#### Work request:
The answer must be an exact copy of every entry, with no pictures in it.

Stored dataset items
[Start of section]

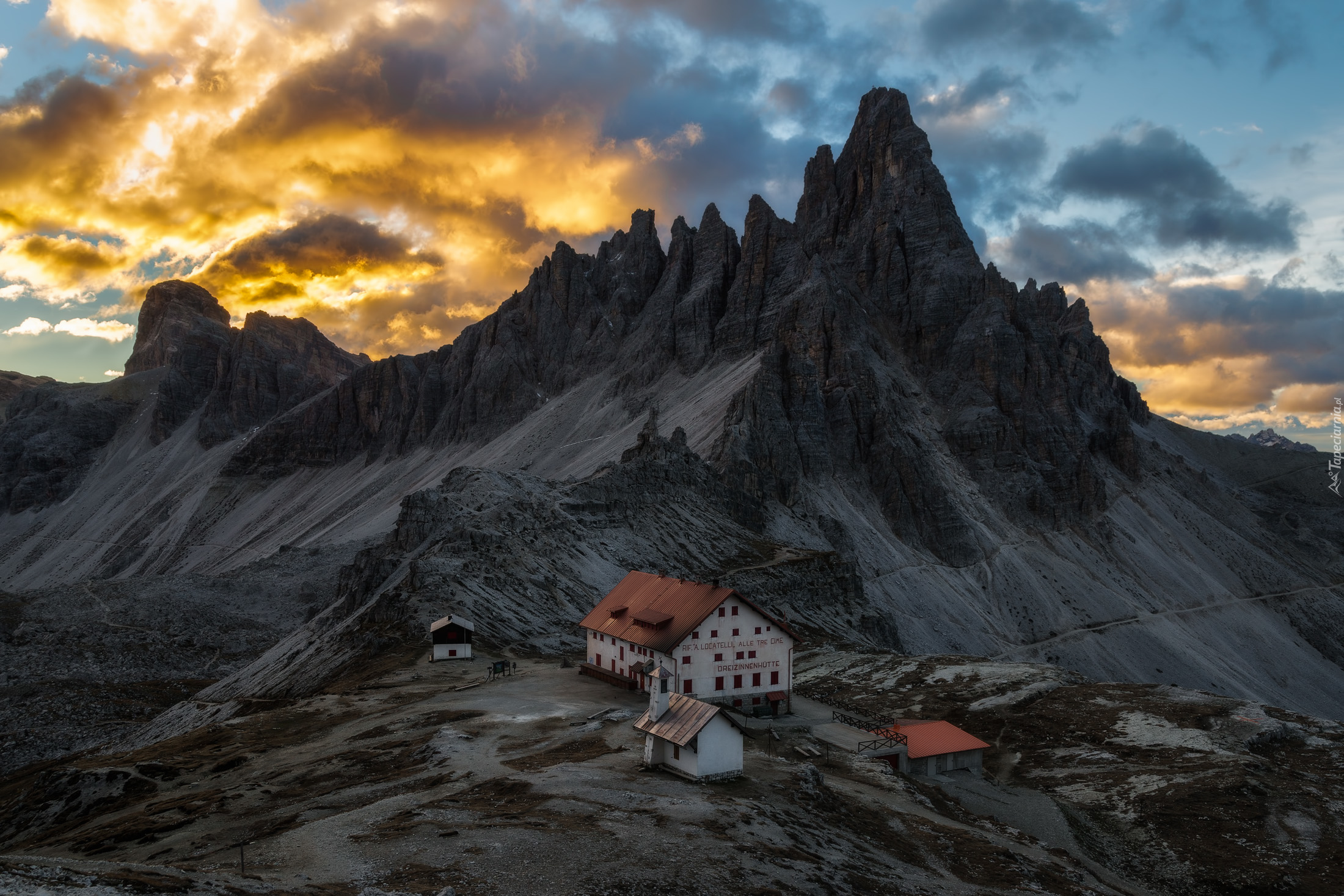 Edytor tapety: Masyw Tre Cime di Lavaredo z domkami
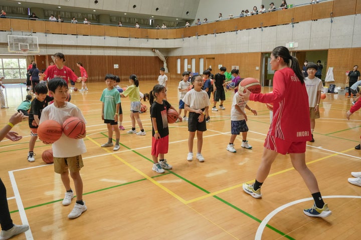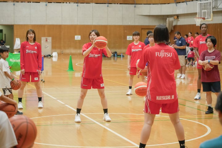 - 7月25日(金)にとどろきアリーナで富士通レッドウェーブバスケットボール教室を開催。
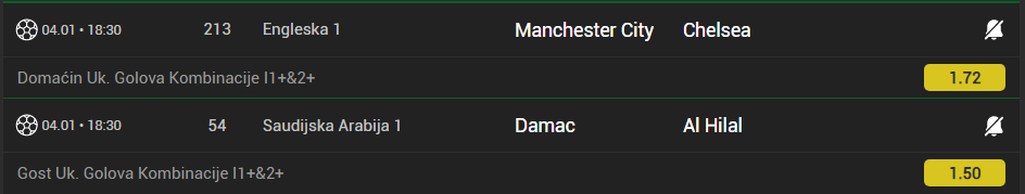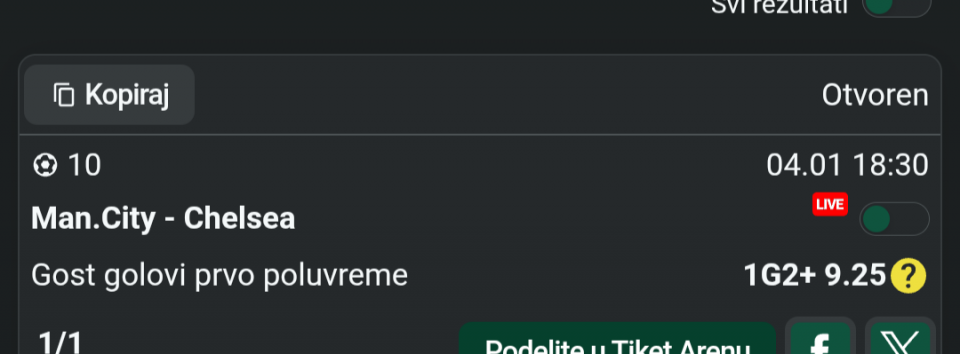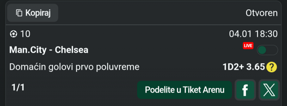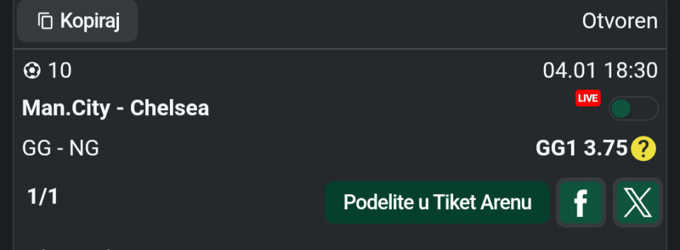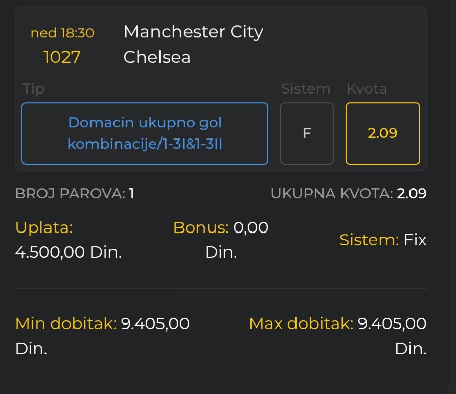 Danasnji tiket za sada ide lepo prvi par je prosao napoli 2+ i navijamo za dalje, ali reko da presecem sa necim sto me tera ceo dan da igram, pa ako me osecaj zafrkne jbg....
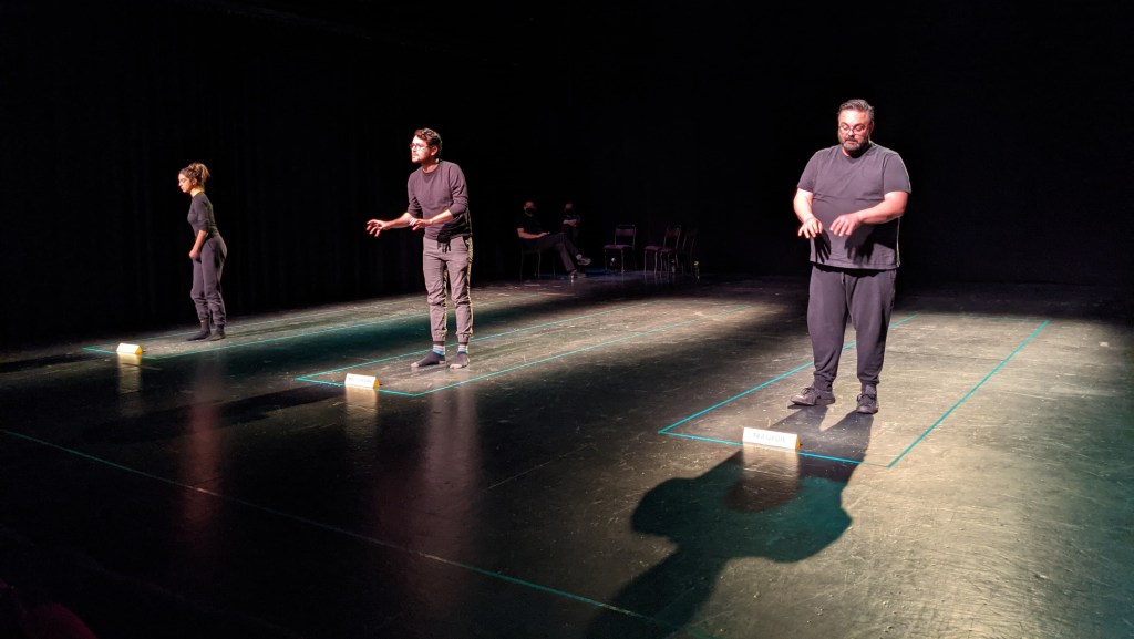 Une des choses que l’on remarque au premier acte, c’est que la mise en scène a un impact sur le comédien autant que sur les attentes du public. Il semble inévitable que les deux corridors au centre de la scène (Bass et Ludger) formeraient la base de l’histoire, alors que les deux extrémités (Annik et Bianca) seraient reléguées au soutien. (Enfin, c’est peut-être aussi parce que Bass et Ludger étaient les premiers à s’avancer sur scène.) Alors que le pivot s’en venait, les comédiens se sont donné leur propre twist : J-Charles, pour qui tout va maintenant mal, tue Stéphane. Comment Bass allait-il se sortir de ce pétrin pour ne pas passer le deuxième acte couché par terre?
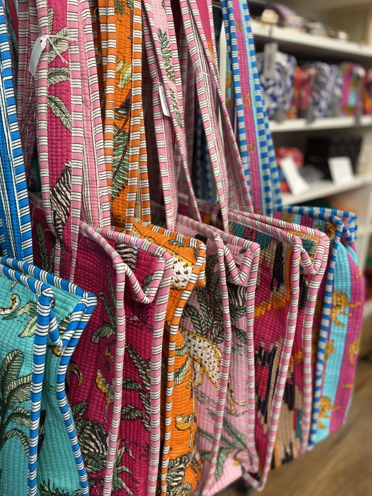 We love this amazing range of beautifully sewn, 100% cotton hand block quilted bags from India.
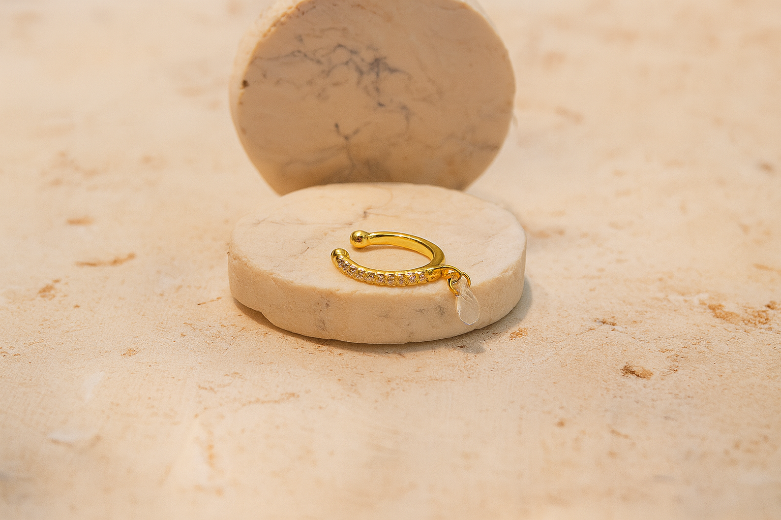 Earcuff dorado con circonias blancas engastadas y un delicado dije de circonia en forma de gota que aporta un brillo sutil y elegante.n
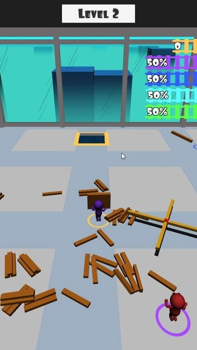 操控紫色角色收集黄色物品,避开障碍物,顺着路径前进,让进度条增长以通过关卡。
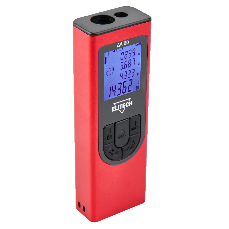 Лазерный дальномер ELITECH ДМ предназначен для быстрого измерения расстояний на дальности до 60 метров. Он точнее обычной рулетки при измерении расстояния более 8 метров.Преимущества Дальномер имеет возможность производить косвенные вычисления (измерять высоту объекта) по теореме Пифагора, а также замеры площади и объема В качестве начала измерения используется 2 точки отсчета – от передней кромки и от заднего края Дисплей прибора имеет подсветку, что повышает удобство работы с прибором в условиях недостаточной освещенности Прибор позволяет сохранить в памяти 20 значения измерений
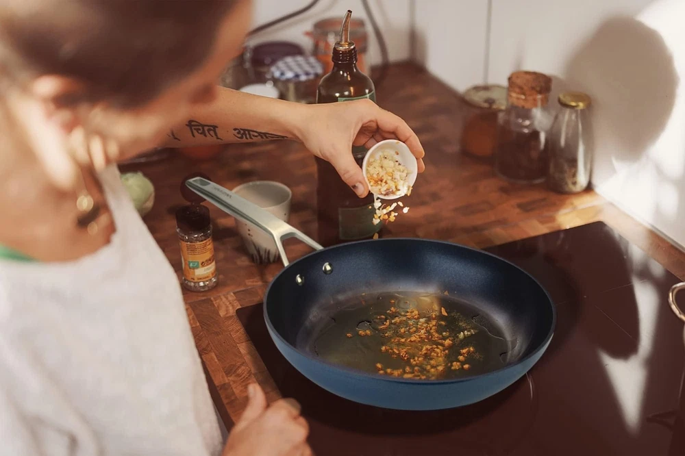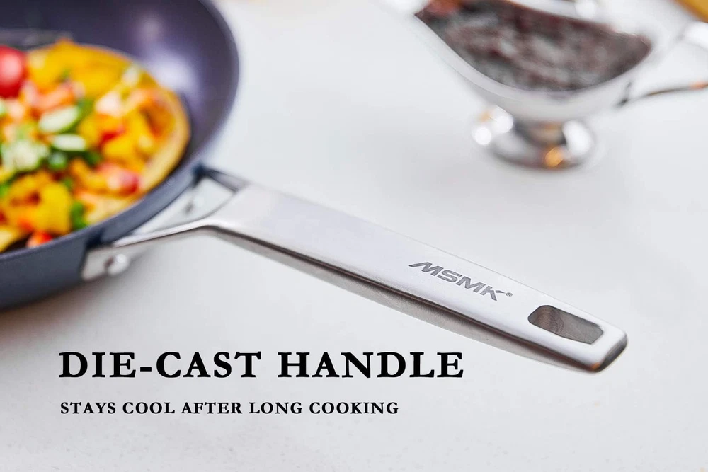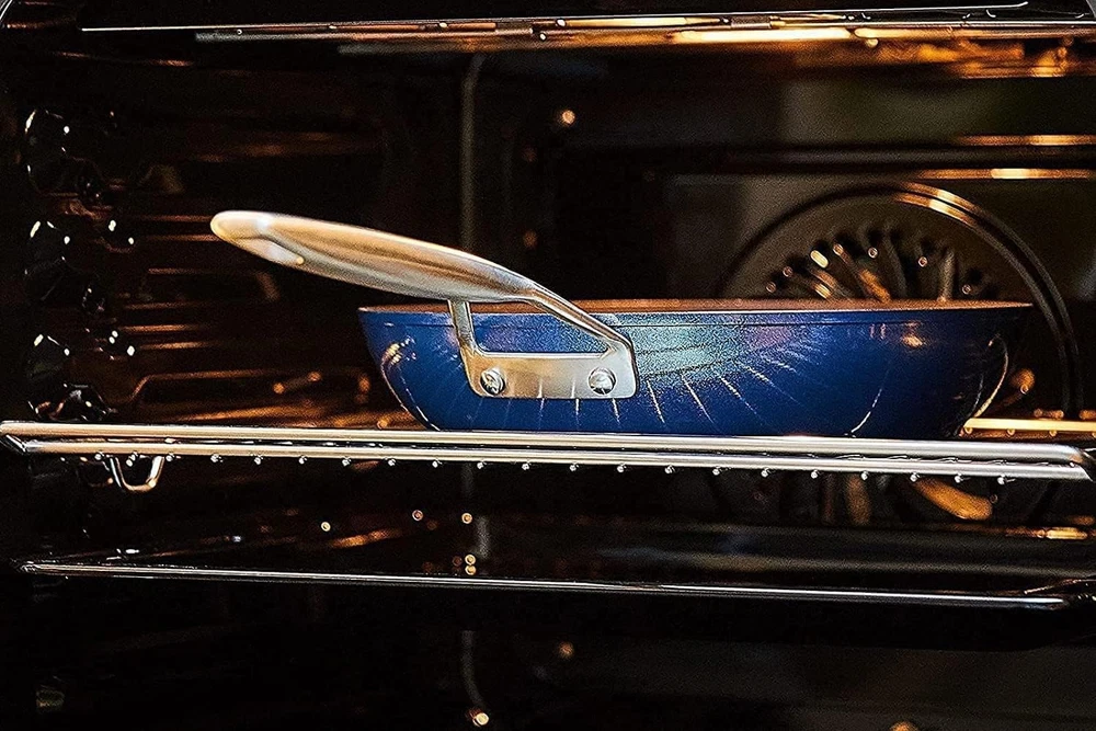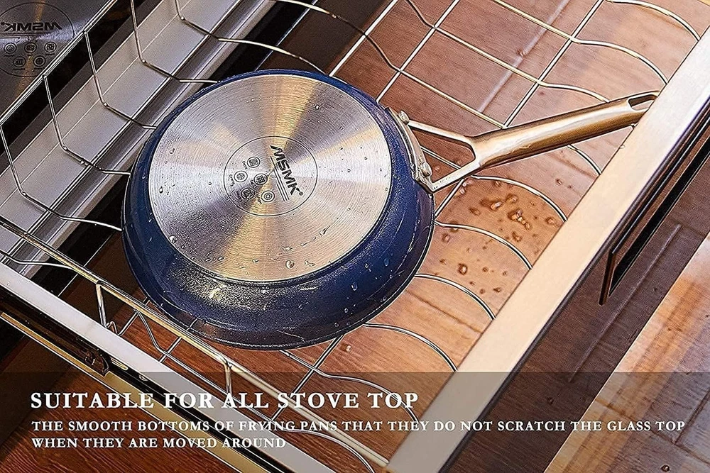 Shine Bright like a Diamond: Attractived blue colored outer – a deep, shiny shade that looks like enameling, find light in the beautiful sea, like diamond in the sky, but the one thing that really stands out is matchless beauty color changing inner coating to a deep blue colour in certain lights, you saw the life inside your eyes. Designed for stove top:Heavy-gauge 4mm Fully Encapsulated Stainless-steel bonded Anti-Warp bottom, induction Heat Transfer is much faster than with other nonstick frying pan, heats more evenly, smooth No Hole bottom is designed to avoid scratching up the Stove Top. This is a multi use pan because this pan(s) can go all the way. High heat, in the oven, sear meats saute, in the dishwasher. Get restaurant-quality meals at home just like a pro chef with nonstick frying pans! Coated with a triple-layer of nonstick material and tough titanium ceramic diamond compound to make them super durable. USA and GRE TUV approved, PFOA FREE, no nickel, lead and other heavy metals, safe for children Easier to store: Smaller frying pans are much easier to store in kitchen cabinets and drawers than larger ones, and give you more control over the heat and cooking process, as the pan heats up quicker and more evenly Heavy-gauge 4mm Stainless-steel bonded Anti-Warp bottom, induction Heat Transfer is much faster than with other nonstick frying pan, heats more evenly, smooth No Hole bottom is designed to avoid scratching up the Stove Top Ergonomic Cast Stay-Cool Stainless-steel handle which always stays cool while cooking and has a good grip, meaning it is easy to flip food, the handle can prevent water and oil from entering into the handle, which is easier to clean than other stainless steel handles Oven safe up to 450°F: You can use this skillet on a cooktop and then put it in oven without transferring the food to another oven safe dish CUSTOMER SERVICE:100% Satisfaction -30-DAY 100% MONEY BACK IF THERE IS ANY PRODUCT QUALITY PROBLEM. We offer a 1 Year Long Waranty When You the Provided Maintenance and Usage Insiructions. Safe: Diamond and titanium non-stick coating from USA, GRE TUV approved, PFOA FREE, no nickel, lead and other heavy metals, safe for children Easy to Clean Design: Unlike other pans, gooey, messy and cheesy dishes like quesadillas and grilled cheese will slide right off your non-stick pans. You can easily wipe mess away when you’re done without worrying about burnt-on food. Solid Stay Cool handle is easier to clean than hollow handle Unrivaled Durable Nonstick: Non-stick pans allow you to more easily flip seafood than the original non-stick pan while still getting that the restaurant-quality sear The heat conduction of the nonstick egg frying pan helps to lock in the flavor and moisture of the steak, while the high heat helps to create a flavorful, crispy crust. The result is a steak that is tender and juicy on the inside, with a flavorful, crunchy exterior

[End of section]

#### Finished task:
 Edytor tapety: Masyw Tre Cime di Lavaredo z domkami
 - 7月25日(金)にとどろきアリーナで富士通レッドウェーブバスケットボール教室を開催。
 Danasnji tiket za sada ide lepo prvi par je prosao napoli 2+ i navijamo za dalje, ali reko da presecem sa necim sto me tera ceo dan da igram, pa ako me osecaj zafrkne jbg....
 Une des choses que l’on remarque au premier acte, c’est que la mise en scène a un impact sur le comédien autant que sur les attentes du public. Il semble inévitable que les deux corridors au centre de la scène (Bass et Ludger) formeraient la base de l’histoire, alors que les deux extrémités (Annik et Bianca) seraient reléguées au soutien. (Enfin, c’est peut-être aussi parce que Bass et Ludger étaient les premiers à s’avancer sur scène.) Alors que le pivot s’en venait, les comédiens se sont donné leur propre twist : J-Charles, pour qui tout va maintenant mal, tue Stéphane. Comment Bass allait-il se sortir de ce pétrin pour ne pas passer le deuxième acte couché par terre?
 We love this amazing range of beautifully sewn, 100% cotton hand block quilted bags from India.
 Earcuff dorado con circonias blancas engastadas y un delicado dije de circonia en forma de gota que aporta un brillo sutil y elegante.n
 操控紫色角色收集黄色物品,避开障碍物,顺着路径前进,让进度条增长以通过关卡。
 Лазерный дальномер ELITECH ДМ предназначен для быстрого измерения расстояний на дальности до 60 метров. Он точнее обычной рулетки при измерении расстояния более 8 метров.Преимущества Дальномер имеет возможность производить косвенные вычисления (измерять высоту объекта) по теореме Пифагора, а также замеры площади и объема В качестве начала измерения используется 2 точки отсчета – от передней кромки и от заднего края Дисплей прибора имеет подсветку, что повышает удобство работы с прибором в условиях недостаточной освещенности Прибор позволяет сохранить в памяти 20 значения измерений
 Shine Bright like a Diamond: Attractived blue colored outer – a deep, shiny shade that looks like enameling, find light in the beautiful sea, like diamond in the sky, but the one thing that really stands out is matchless beauty color changing inner coating to a deep blue colour in certain lights, you saw the life inside your eyes. Designed for stove top:Heavy-gauge 4mm Fully Encapsulated Stainless-steel bonded Anti-Warp bottom, induction Heat Transfer is much faster than with other nonstick frying pan, heats more evenly, smooth No Hole bottom is designed to avoid scratching up the Stove Top. This is a multi use pan because this pan(s) can go all the way. High heat, in the oven, sear meats saute, in the dishwasher. Get restaurant-quality meals at home just like a pro chef with nonstick frying pans! Coated with a triple-layer of nonstick material and tough titanium ceramic diamond compound to make them super durable. USA and GRE TUV approved, PFOA FREE, no nickel, lead and other heavy metals, safe for children Easier to store: Smaller frying pans are much easier to store in kitchen cabinets and drawers than larger ones, and give you more control over the heat and cooking process, as the pan heats up quicker and more evenly Heavy-gauge 4mm Stainless-steel bonded Anti-Warp bottom, induction Heat Transfer is much faster than with other nonstick frying pan, heats more evenly, smooth No Hole bottom is designed to avoid scratching up the Stove Top Ergonomic Cast Stay-Cool Stainless-steel handle which always stays cool while cooking and has a good grip, meaning it is easy to flip food, the handle can prevent water and oil from entering into the handle, which is easier to clean than other stainless steel handles Oven safe up to 450°F: You can use this skillet on a cooktop and then put it in oven without transferring the food to another oven safe dish CUSTOMER SERVICE:100% Satisfaction -30-DAY 100% MONEY BACK IF THERE IS ANY PRODUCT QUALITY PROBLEM. We offer a 1 Year Long Waranty When You the Provided Maintenance and Usage Insiructions. Safe: Diamond and titanium non-stick coating from USA, GRE TUV approved, PFOA FREE, no nickel, lead and other heavy metals, safe for children Easy to Clean Design: Unlike other pans, gooey, messy and cheesy dishes like quesadillas and grilled cheese will slide right off your non-stick pans. You can easily wipe mess away when you’re done without worrying about burnt-on food. Solid Stay Cool handle is easier to clean than hollow handle Unrivaled Durable Nonstick: Non-stick pans allow you to more easily flip seafood than the original non-stick pan while still getting that the restaurant-quality sear The heat conduction of the nonstick egg frying pan helps to lock in the flavor and moisture of the steak, while the high heat helps to create a flavorful, crispy crust. The result is a steak that is tender and juicy on the inside, with a flavorful, crunchy exterior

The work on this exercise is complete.